GIVEN DATA:
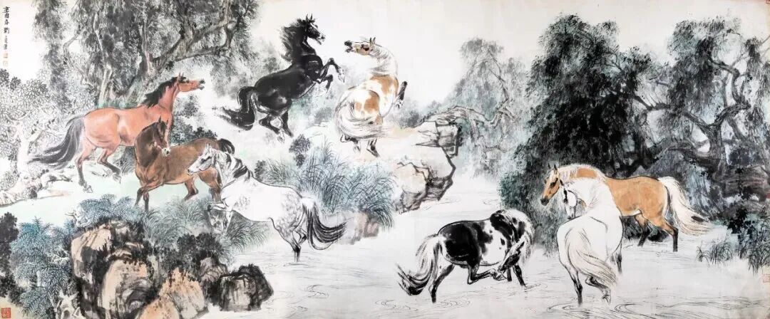 刘旦宅 八骏图 纵141厘米 横367厘米 纸本设色
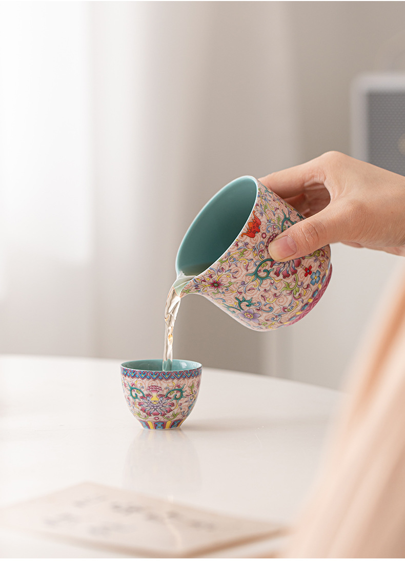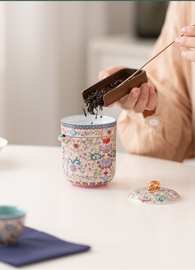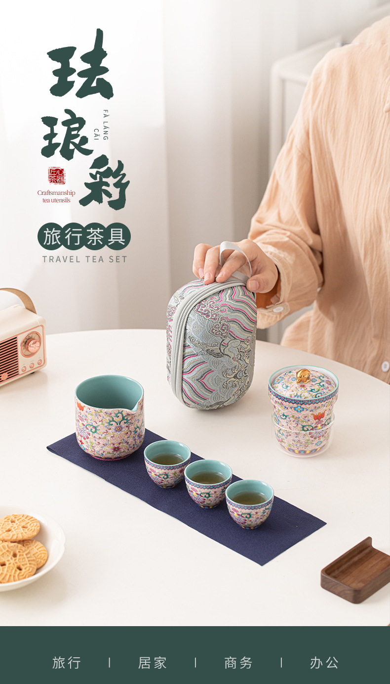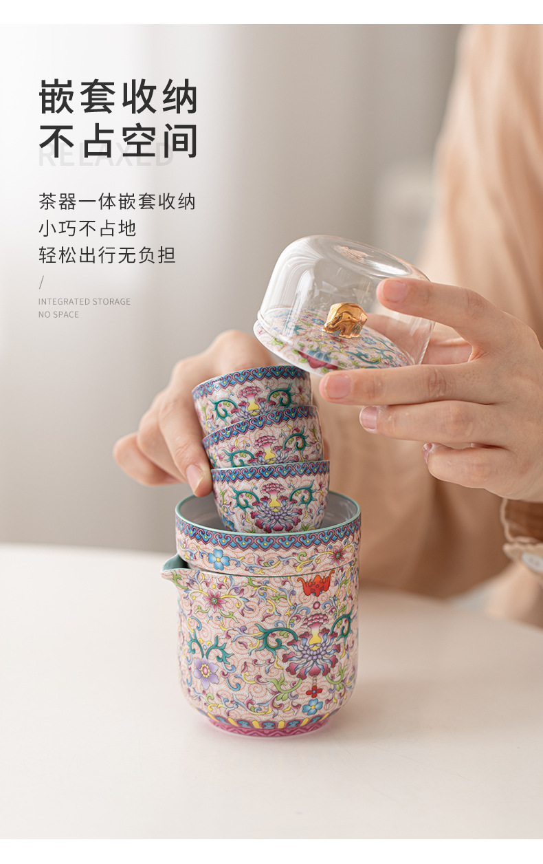 Bộ trà du lịch tráng men phong cách Trung Quốc Bộ trà một ấm ba cốc Bộ quà tặng Bộ pha trà tiện dụng cắm trại
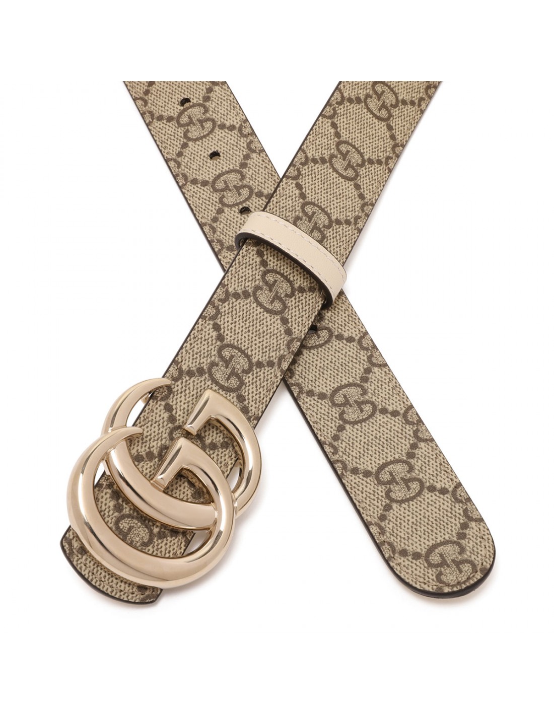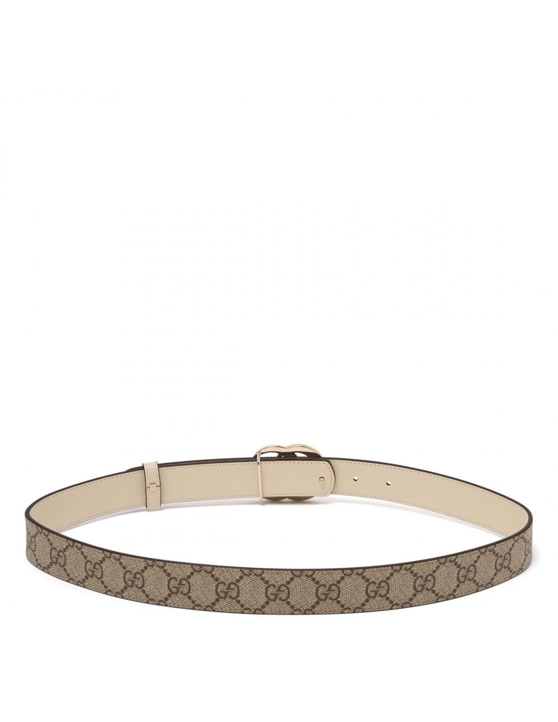 Reversible belt from Gucci featuring beige and dark brown GG Supreme on one side, ivory leather on the other, light gold-toned double G buckle fastening.

EXERCISE REQUIREMENTS: Give back every line of the material above word for word, leaving out the pictures.

RESPONSE BOX:
 刘旦宅 八骏图 纵141厘米 横367厘米 纸本设色
 Bộ trà du lịch tráng men phong cách Trung Quốc Bộ trà một ấm ba cốc Bộ quà tặng Bộ pha trà tiện dụng cắm trại
 Reversible belt from Gucci featuring beige and dark brown GG Supreme on one side, ivory leather on the other, light gold-toned double G buckle fastening.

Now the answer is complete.